* _What is required_
Below, find the line containing "Excellent pre-owned condition." and the line containing "本次实践活动由推普宣讲、党史"; reproduce exactly those two and every line between them, omitting pictures.

--- Excerpted data ---

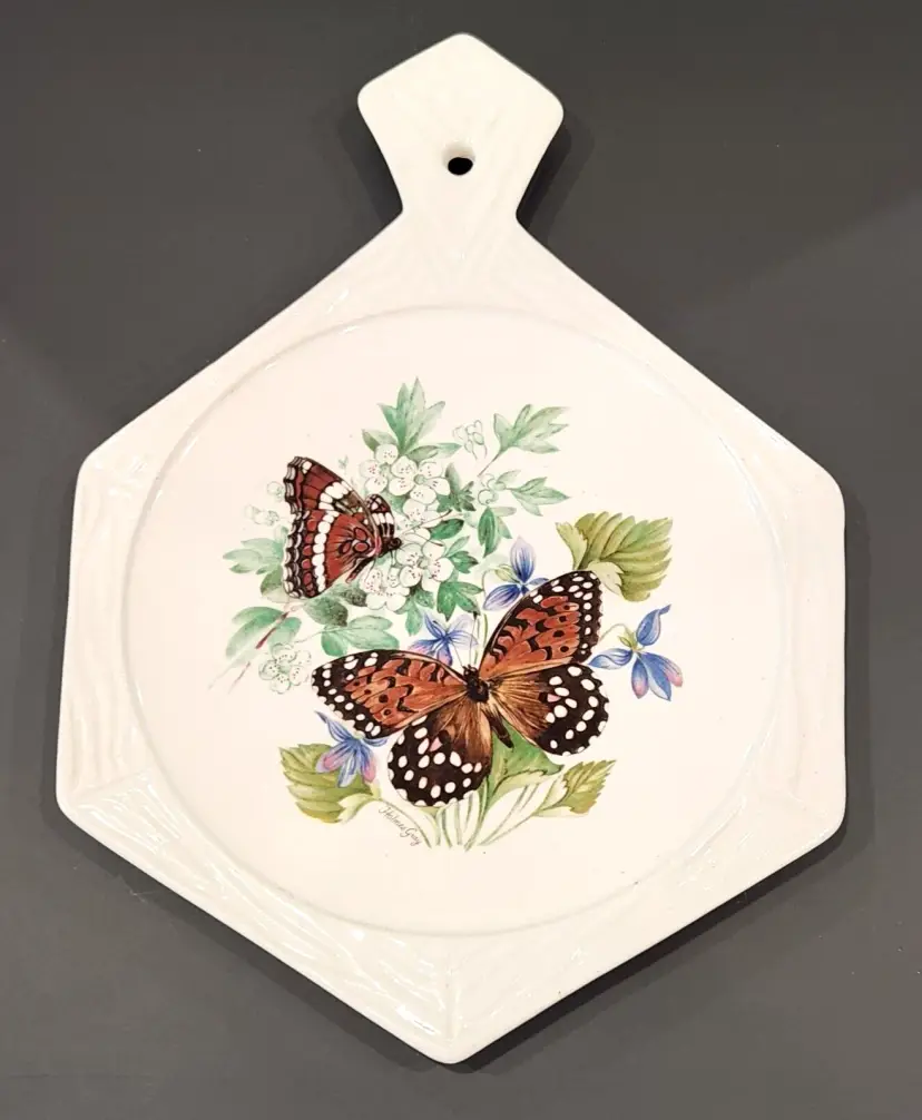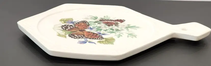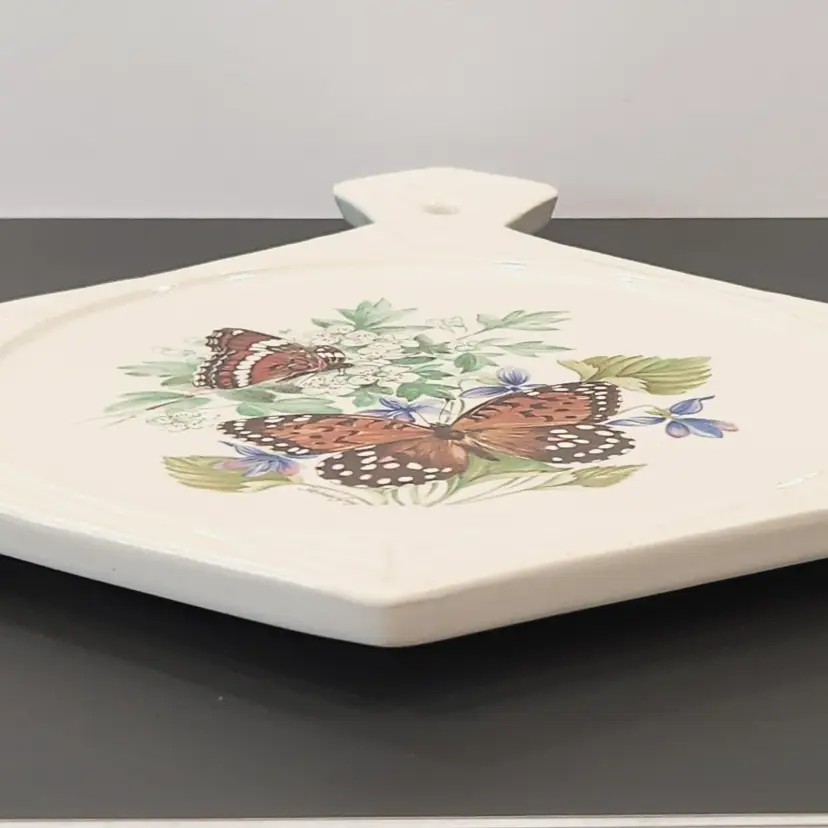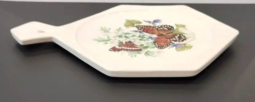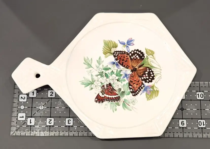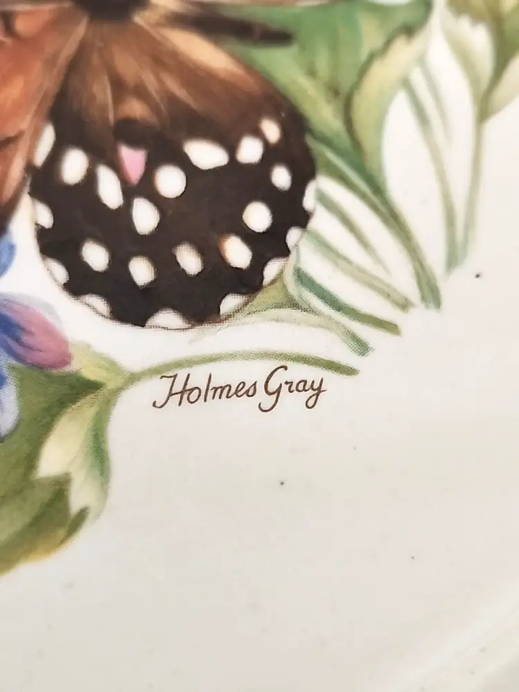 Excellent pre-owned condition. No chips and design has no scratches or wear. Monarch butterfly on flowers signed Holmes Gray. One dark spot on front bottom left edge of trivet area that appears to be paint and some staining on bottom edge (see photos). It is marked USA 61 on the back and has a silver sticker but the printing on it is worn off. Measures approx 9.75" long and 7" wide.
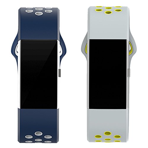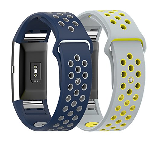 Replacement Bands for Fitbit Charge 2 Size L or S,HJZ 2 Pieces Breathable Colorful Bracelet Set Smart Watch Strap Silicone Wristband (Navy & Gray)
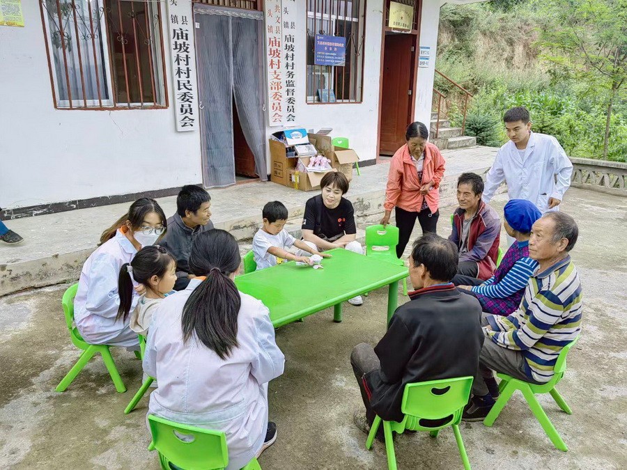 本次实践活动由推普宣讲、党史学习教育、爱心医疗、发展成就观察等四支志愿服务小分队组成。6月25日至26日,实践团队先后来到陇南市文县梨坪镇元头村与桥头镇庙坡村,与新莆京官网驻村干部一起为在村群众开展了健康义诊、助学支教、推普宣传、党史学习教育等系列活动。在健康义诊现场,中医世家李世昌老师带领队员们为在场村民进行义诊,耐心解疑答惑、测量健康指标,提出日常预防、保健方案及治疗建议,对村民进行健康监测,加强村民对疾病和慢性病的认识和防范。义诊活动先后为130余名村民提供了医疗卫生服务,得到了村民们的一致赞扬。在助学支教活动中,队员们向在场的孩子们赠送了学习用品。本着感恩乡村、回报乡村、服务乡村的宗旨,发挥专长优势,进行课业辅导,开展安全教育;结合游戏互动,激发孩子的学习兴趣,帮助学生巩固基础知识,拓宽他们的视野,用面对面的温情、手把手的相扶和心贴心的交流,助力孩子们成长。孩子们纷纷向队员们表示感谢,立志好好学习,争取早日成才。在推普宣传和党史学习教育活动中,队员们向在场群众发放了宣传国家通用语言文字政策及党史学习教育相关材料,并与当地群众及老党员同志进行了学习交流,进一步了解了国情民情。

---
--- Excerpted data ---

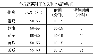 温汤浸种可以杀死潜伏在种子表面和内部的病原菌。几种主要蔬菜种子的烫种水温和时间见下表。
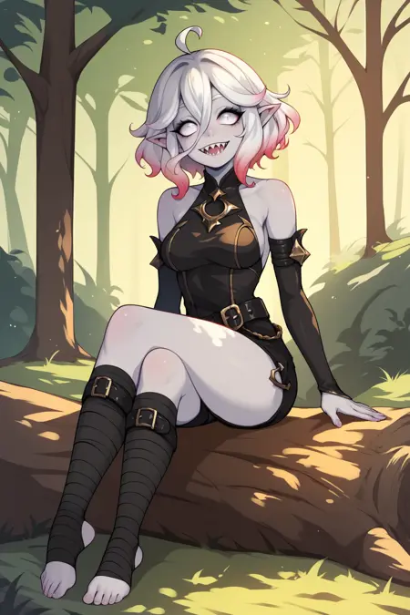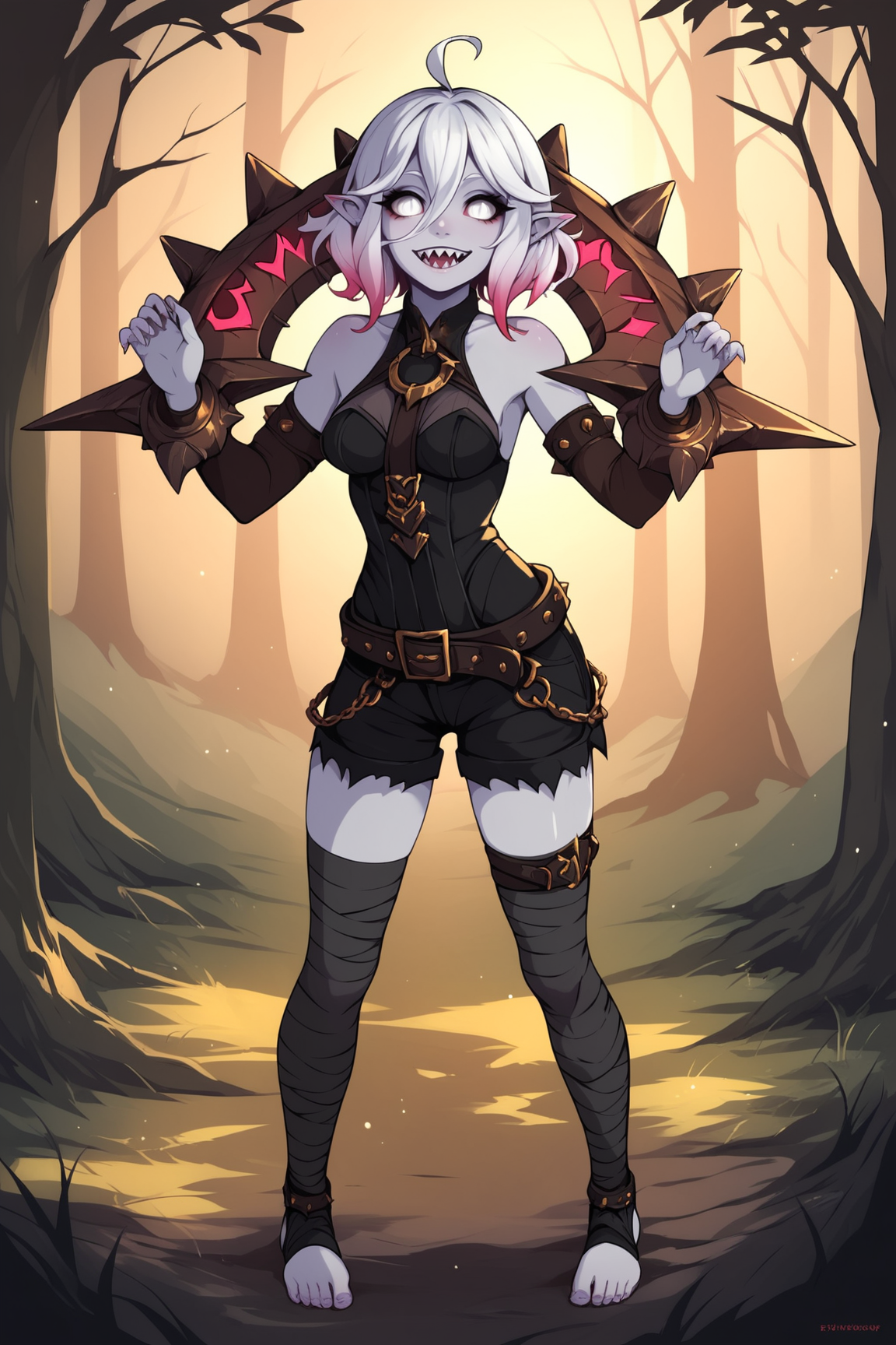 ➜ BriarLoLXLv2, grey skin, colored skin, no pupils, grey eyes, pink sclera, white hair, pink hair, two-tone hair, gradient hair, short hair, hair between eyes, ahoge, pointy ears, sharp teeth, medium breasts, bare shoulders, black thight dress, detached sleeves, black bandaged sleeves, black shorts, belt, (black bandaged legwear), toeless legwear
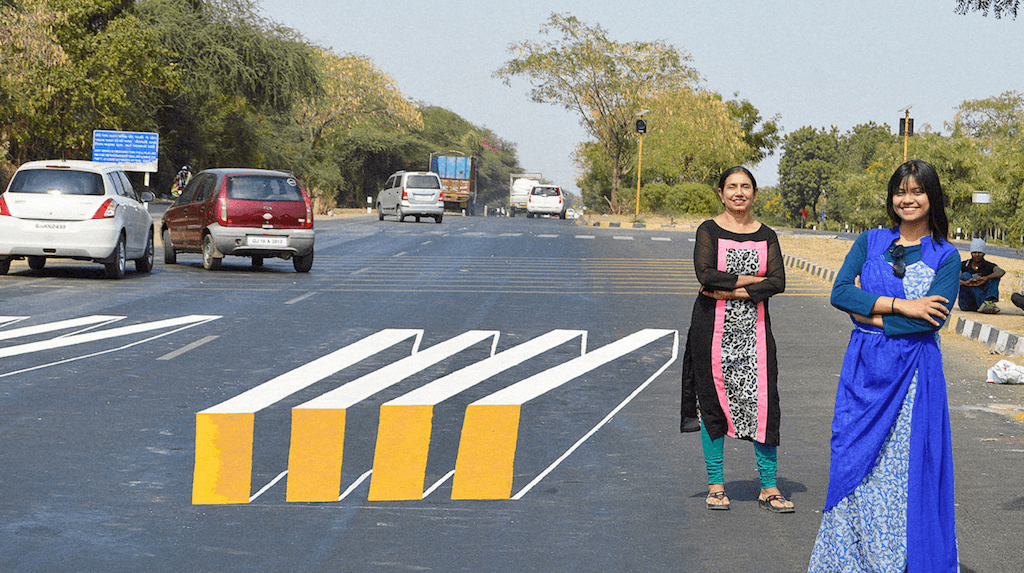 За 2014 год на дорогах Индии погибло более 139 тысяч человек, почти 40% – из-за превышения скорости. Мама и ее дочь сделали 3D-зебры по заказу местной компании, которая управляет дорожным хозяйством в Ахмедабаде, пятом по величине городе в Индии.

---

* _Response_
 Excellent pre-owned condition. No chips and design has no scratches or wear. Monarch butterfly on flowers signed Holmes Gray. One dark spot on front bottom left edge of trivet area that appears to be paint and some staining on bottom edge (see photos). It is marked USA 61 on the back and has a silver sticker but the printing on it is worn off. Measures approx 9.75" long and 7" wide.
 Replacement Bands for Fitbit Charge 2 Size L or S,HJZ 2 Pieces Breathable Colorful Bracelet Set Smart Watch Strap Silicone Wristband (Navy & Gray)
 本次实践活动由推普宣讲、党史学习教育、爱心医疗、发展成就观察等四支志愿服务小分队组成。6月25日至26日,实践团队先后来到陇南市文县梨坪镇元头村与桥头镇庙坡村,与新莆京官网驻村干部一起为在村群众开展了健康义诊、助学支教、推普宣传、党史学习教育等系列活动。在健康义诊现场,中医世家李世昌老师带领队员们为在场村民进行义诊,耐心解疑答惑、测量健康指标,提出日常预防、保健方案及治疗建议,对村民进行健康监测,加强村民对疾病和慢性病的认识和防范。义诊活动先后为130余名村民提供了医疗卫生服务,得到了村民们的一致赞扬。在助学支教活动中,队员们向在场的孩子们赠送了学习用品。本着感恩乡村、回报乡村、服务乡村的宗旨,发挥专长优势,进行课业辅导,开展安全教育;结合游戏互动,激发孩子的学习兴趣,帮助学生巩固基础知识,拓宽他们的视野,用面对面的温情、手把手的相扶和心贴心的交流,助力孩子们成长。孩子们纷纷向队员们表示感谢,立志好好学习,争取早日成才。在推普宣传和党史学习教育活动中,队员们向在场群众发放了宣传国家通用语言文字政策及党史学习教育相关材料,并与当地群众及老党员同志进行了学习交流,进一步了解了国情民情。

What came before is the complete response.